Am I ready to say it?
Am I ready to mean it?

What have I done with what you’ve given me that I could dare ask for more? 

Ungrateful or unhopeful? 

Why does it have to be an “un”?

What about the thanks that you take and make more than enough? Am I allowed to be dissatisfied? Discontent? 

If the darkness shall be the light and the stillness the dancing then when?

It’s still. And it’s quiet.

All questions.

Searching seeking grasping. 

Begging for a drop of the confidence I used to wield. Begging for freedom from the expectations I’ve chained myself to. From the lies that tell me if I don’t perform. If I don’t persevere. I am nothing. 

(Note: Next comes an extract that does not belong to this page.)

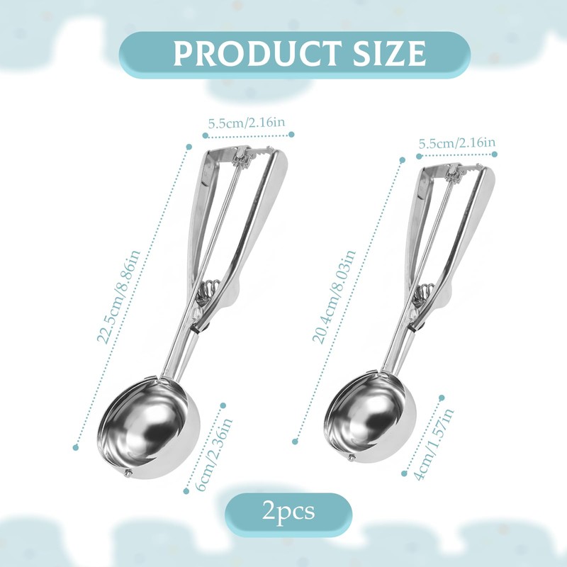 2pcs Ice Cream Scoop, Stainless Steel Ice Cream Scoop with Trigger, Cookie Scoop, Icecream Scoop, Potato Scoop for Meatballs, Mellon Balls, Mashed Potatoes and Muffins(4 cm with 6 cm)

I am not allowed to ask for more.

Or for help. 

You say to me, “I will restore your joy.”

When? Where? 

Clutching grasping gripping. 

I strangle these lies. Choke them to death. 

When all you’re asking is for me to peel back my sticky fingers, one at a time, and let these lies go free. 

You dare me to say “I want more.”

I look down at my knuckles, clenched white, and, unbreathing, I beg you for the grace of self-preservation to say, 
I want more.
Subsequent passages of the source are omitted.